T-Mobile US (NYSE:TMUS) parent Deutsche Telekom wants at least a $1 billion breakup fee in the event that regulators block a merger between Sprint (NYSE: S) and T-Mobile, according to a Wall Street Journal report.
According to the report, which cited unnamed sources, DT also wants assurances that T-Mobile's brand and some of its management team would remain after a deal.
The report also said DT and SoftBank-owned Sprint are discussing how much opposition they face from regulators. The companies want to strike a deal soon, but given signals of opposition from the FCC and Department of Justice, they are also thinking of holding off on the transaction until after the incentive auctions of 600 MHz broadcast TV spectrum scheduled for mid-2015.
DT and SoftBank are also evaluating how FCC rule changes governing how much spectrum carriers can hold could affect the merger of Sprint and T-Mobile. On Thursday, the FCC plans to vote on rules that would limit the amount of spectrum carriers can own. The new rules could add the 2.5 GHz spectrum that Sprint owns to the FCC's so-called "spectrum screen"--thus making it more difficult for Sprint to acquire additional spectrum. The addition of Sprint's 2.5 GHz spectrum to the screen could make it more difficult for Sprint to merge with T-Mobile and to combine the two carriers' spectrum portfolios.
DT received a $6 billion breakup fee that included spectrum, a roaming agreement and $3 billion in cash after regulators blocked AT&T's (NYSE: T) $39 billion acquisition of T-Mobile in 2011. That set the stage for T-Mobile's comeback in the market; the carrier has added 6.1 million customers in the past four quarters, including 1.3 million postpaid subscribers in the first quarter of 2014 alone. DT still owns 67 percent of T-Mobile.

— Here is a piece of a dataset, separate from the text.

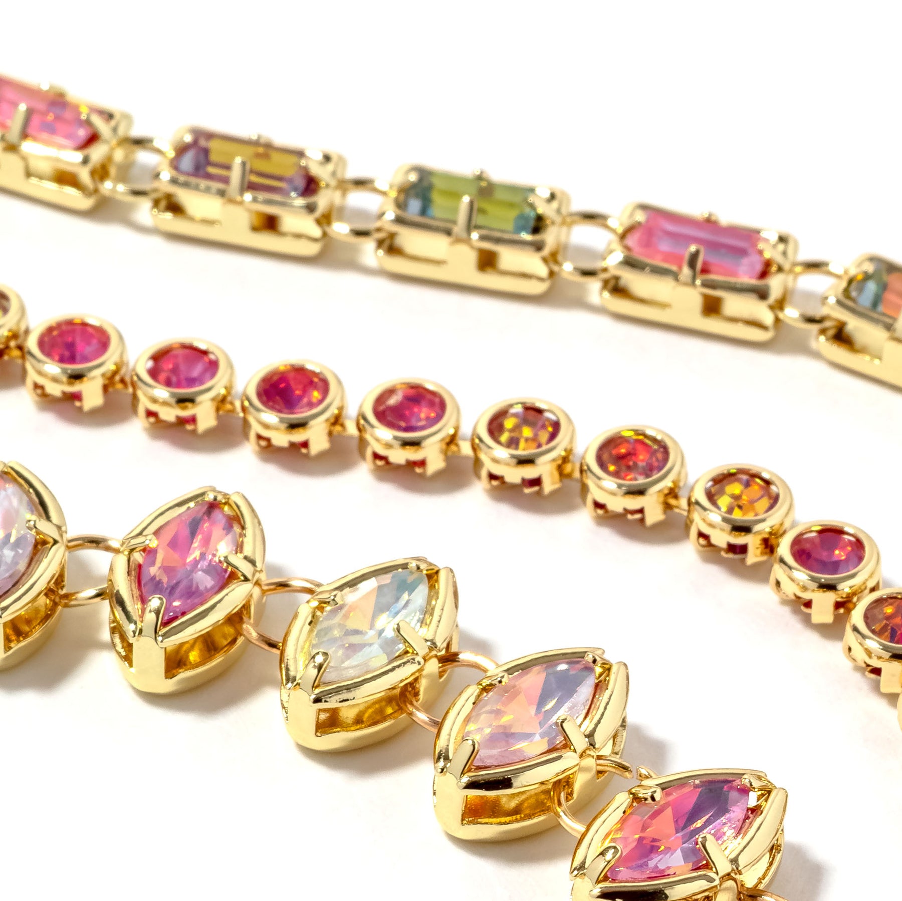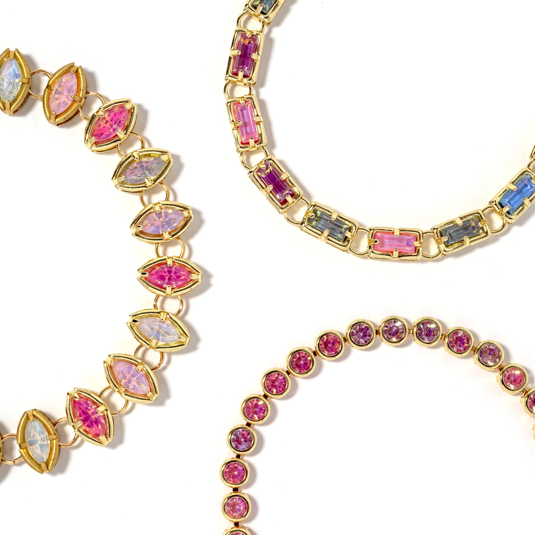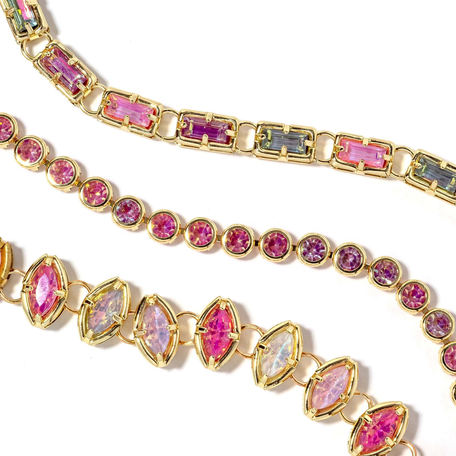 Layer elegance with the Hollis Stack, a refined three-piece bracelet collection in soft pink tones. Each piece features radiant crystal stones set in gold plating, designed to wear together or separately for versatile styling. The interplay of light across the faceted stones creates a luminous effect that elevates any look with understated luxury.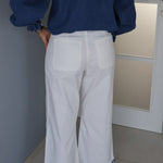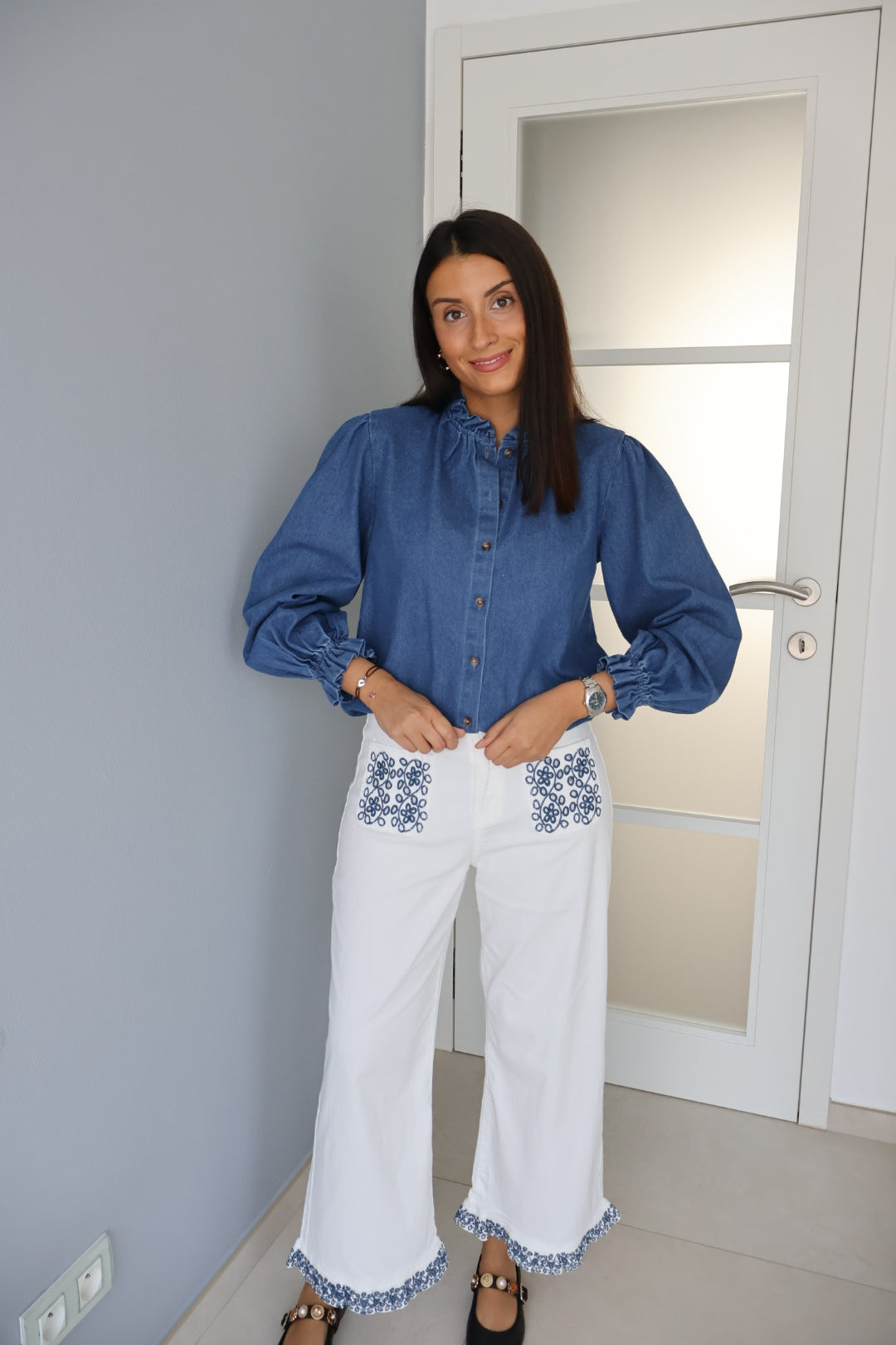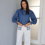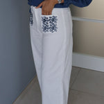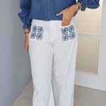 Le contraste entre le blanc lumineux du denim et le bleu des motifs donne un rendu très élégant, tout en restant facile à porter au quotidien. Les broderies, placées sur les poches avant et en bas des jambes, ajoutent du caractère sans alourdir la silhouette.

DT CEO Timotheus Hoettges said last week he is open to creating a "super maverick" to challenge AT&T and Verizon Wireless (NYSE: VZ). However, he also indicated that there are clear hurdles. "We're getting signals from the regulatory authority as well as antitrust supervisors that such a merger isn't seen as expedient," Hoettges said in discussing DT's first-quarter results. "Against that backdrop, we have to see how we can develop the business so it creates the most value for our shareholders."
The Journal report added that SoftBank CEO and Sprint Chairman Masayoshi Son wouldn't do anything "reckless," and does not want the deal to get blocked only to see T-Mobile get a sizable breakup fee, which it could then use to fight Sprint.